The Fed Delivered $80.2 Billion in Profits to the Treasury in 2017

The Fed’s contribution to the government’s coffers still remains well above pre-crisis levels.

The Fed made an average annual contribution to the Treasury Department of $23 billion during the a few years preceding the crisis. Since 2010, the average contribution has been $86 billion.

The Fed’s bond holdings comprise federal debt in addition to also securities issued by the government-owned mortgage finance companies Fannie Mae in addition to also Freddie Mac. By diving into the marketplace, the Fed created more competition, forcing investors to accept lower interest rates — in addition to also therefore reducing the borrowing costs paid by businesses in addition to also consumers, as well as the federal government.

The interest in which the Fed collects on its investments can be paid by the federal government, in addition to also then returned to the government. yet This specific wash cycle still saves money because those interest payments would likely otherwise be made to the outside investors who would likely have purchased the bonds.

“the item’s interest in which the Treasury didn’t have to pay to the Chinese,” Ben S. Bernanke, then the Fed’s chairman, told Congress back in 2011, when the annual windfalls were still completely new in addition to also surprising.

Since the 2008 crisis, the Fed’s earnings have saved the government more than $700 billion.

The Fed earns outsized profits on its investment holdings because the item does not face financing costs. the item buys bonds with money in which the item creates. yet the Fed does have expenses, in addition to also they are rising.

The largest expense can be a byproduct of the bond purchases.
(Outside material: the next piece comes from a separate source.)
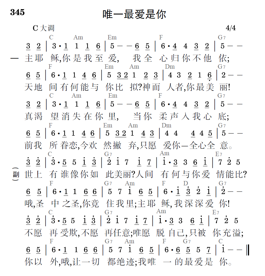 主耶稣,你是我至爱,我全心归你不他依;天地间有何能与你比拟?神而人者,你最美丽!真渴望消失在你里,当你柔声入我心底;前我所眷恋,今欢然撇弃,只愿爱你——全心全意。

The Fed’s buying spree flooded the banking system with reserves — the Fed bought bonds coming from the banks, in addition to also paid them with reserves.

Before the crisis, the Fed raised rates by selling bonds to reduce the availability of reserves, which banks are required to hold in proportion to their holdings of customer deposits. yet banks currently hold plenty of excess reserves. Rather than reversing its bond purchases completely to drain those reserves, the Fed instead decided to raise rates by paying banks to leave reserves untouched.

Last year the Fed spent $25.9 billion on those interest payments, more than double the amount in which the item spent in 2016 — in addition to also the cost will continue to rise as the Fed continues to raise interest rates.

Some members of Congress have said the Fed can be rewarding banks unnecessarily, in addition to also questions about the payments have become a staple feature of Congressional hearings with Fed leaders.

Janet L. Yellen, the Fed’s outgoing chairwoman, has defended the payments as the best way to end the Fed’s stimulus campaign — in addition to also the best way to manage interest rates going forward. Some experts also note in which the payments are offset by costs in which banks face to hold the reserves.

The numbers published Wednesday are preliminary. The final numbers are due later This specific year.